Strategic reasons for holding gold are as a diversifier, a way of adding value to the portfolio — which particularly is the case right now as the price hits new highs — and as an inflation hedge.
For the $2.5 billion City of Austin (Texas) Employees’ Retirement System, a $5 million gold futures allocation, run by NISA Investment Advisors LLC, was made for inflation purposes.
The new allocation was approved in March “as a potential hedge against the potential risk of a stagflationary environment similar to what the United States experienced during the 1970s,” CIO David Veal said in an email. “We believe the risk of such a scenario is currently low but rising, which is why this allocation was initiated at a small (about 0.2% of the fund assets) size with room to increase over time should circumstances warrant.”
Since the risk of stagflation looks to be present in economies for a while, “this allocation is indeed viewed as a long-term part of our efforts to maintain a well-diversified portfolio that delivers strong returns across different market environments,” Mr. Veal said.

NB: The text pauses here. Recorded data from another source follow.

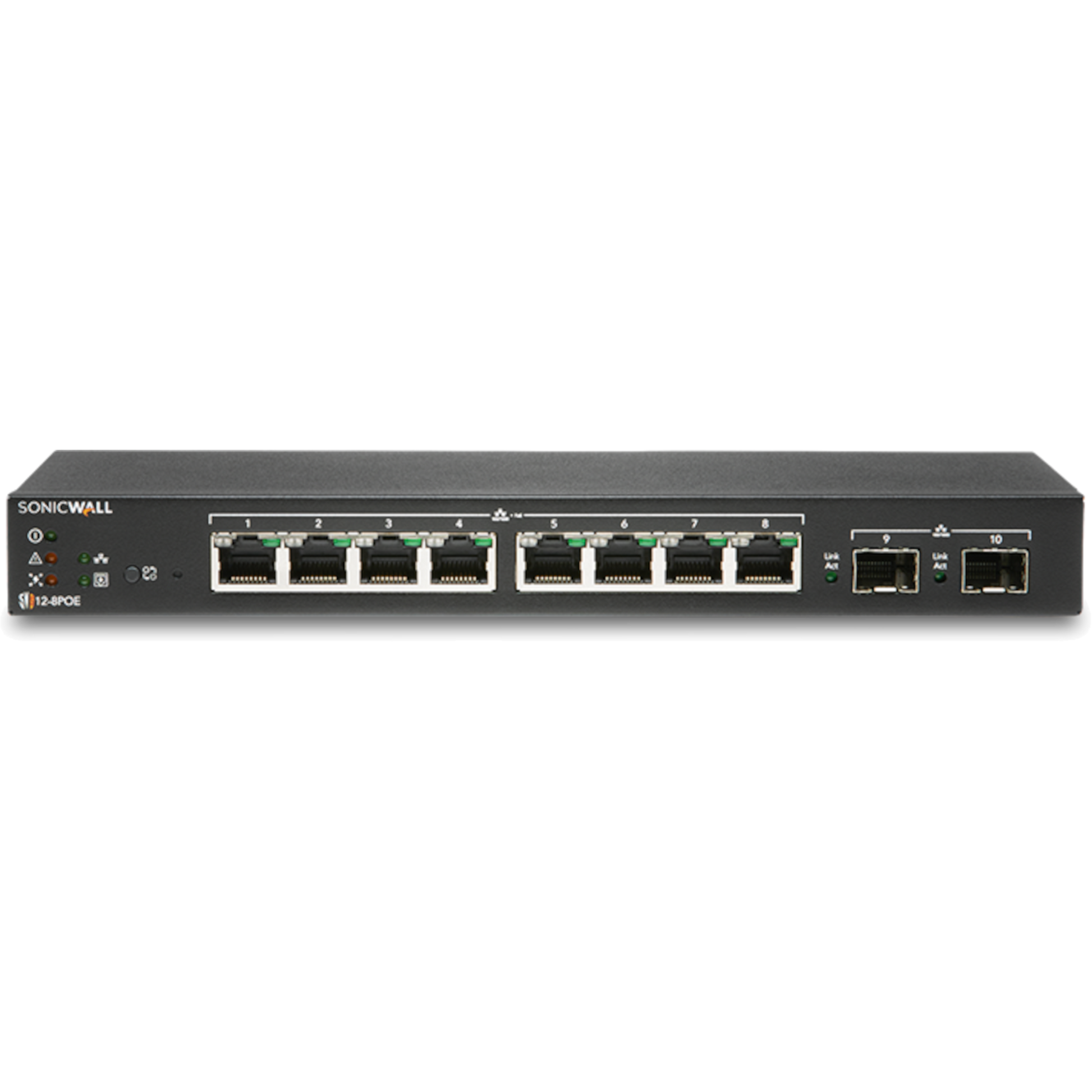 SONICWALL SWITCH SWS12-8POE WITH WIRELESS NETWORK MANAGEMENT ESSENTIAL AND SUPPORT 1YR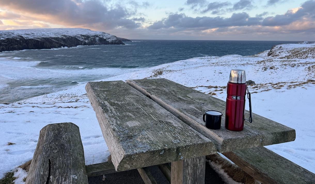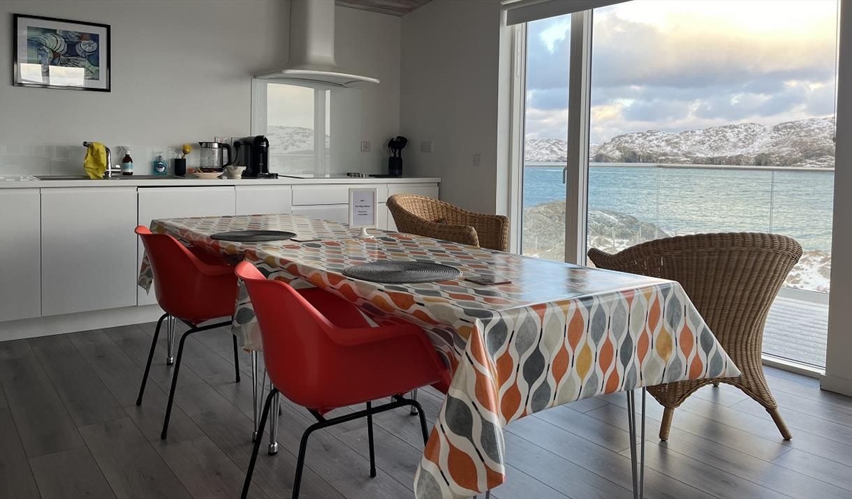 The dining area, as well as having a large table with two comfortable chairs for dining, also has two wicker chairs with Harris tweed cushions where you can sit with your morning coffee/tea watching the wildlife, the sea and the big skies. We provide ground coffee for the cafetière and a Nespresso machine (with a selection of recyclable vertuo pods) as well as a selection of teas (caff / decaff) which should set you up for the day ahead.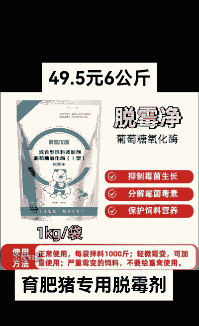 迅销脱霉净兽用饲料脱霉剂价格:1000克/袋,1包价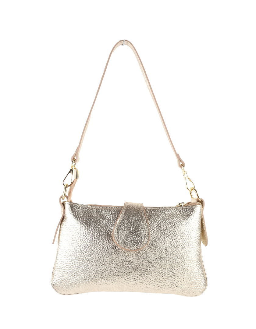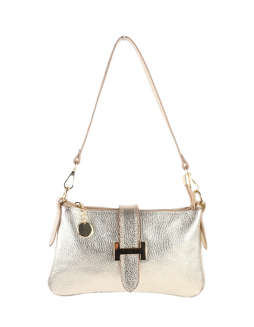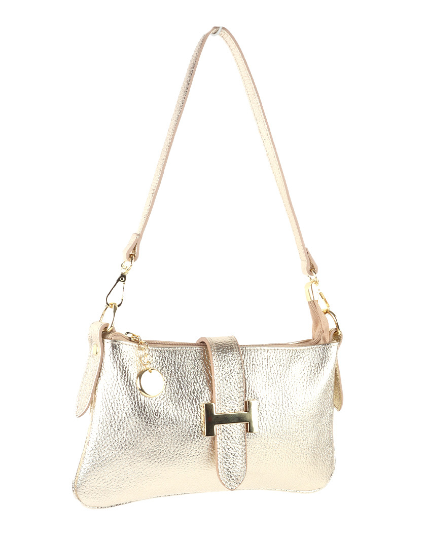 Crafted from metallic leather with a gold-tone H detail on the front. Features a zip closure with a snap-fastened leather flap. Comes with two straps: one short and one adjustable for crossbody or shoulder wear.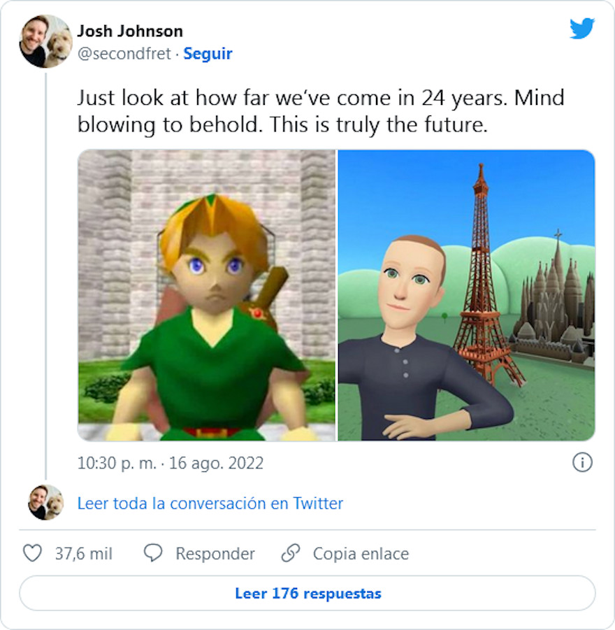 "Sólo hay que ver lo lejos que hemos llegado en 24 años. Es una sorpresa para la vista. Esto es realmente el futuro", escribió irónicamente uno. Otros anotaron que el avatar es un símbolo del fracaso de la compañía en crear un metaverso futurístico, pese a haber invertido en el proyecto 10.000 millones de dólares el año pasado. "Esta selfie le costó a Mark Zuckerberg 10.000.000.000 de dólares. Seguid en la escuela, niños", ironizó otro.

Other managers have pared back gold exposure after increasing allocations in recent quarters.
Unigestion SA’s multiasset team had been bullish on gold, adding a small tactical exposure of about 2% to 3% of the strategy to a roughly 5% strategic allocation, but “neutralized” that position over the last few weeks, said Salman Baig, Geneva-based multiasset investment manager. Executives pulled back on the tactical positioning because there were indications of an economic recovery — a negative for gold, despite low real rates and dollar weakness, a positive. Those views offset one another and so “it made sense for the team to take a pause,” Mr. Baig said. The firm runs $1.4 billion in multiasset funds.
Union Investment Institutional GmbH’s commodity fund is benchmark-oriented, with about a 9% allocation always invested in gold, said Daniel Bathe, senior commodities portfolio manager in Frankfurt. About 33% is invested in precious metals for inflation protection, with the remainder of the fund allocated to more cyclical commodities such as base metals and energy.
“This year … we had a pretty huge allocation to precious metals. We increased twice this year, once in March when we had the big sell-off … and we did it again in June when it became clear the U.S. central bank would hold rates (low) for the foreseeable future,” Mr. Bathe said.
At that point, Union went to a 45% to 46% allocation to precious metals. “But now we’re in August and back to the benchmark weight” of 33% as the gold price reached Union’s short- to midterm price target.
If the price moves to $1,750 to $1,800 per ounce, “that would be a level where I would likely increase my exposure again,” Mr. Bathe said. Union’s commodity beta fund has €600 million ($707 million) in assets.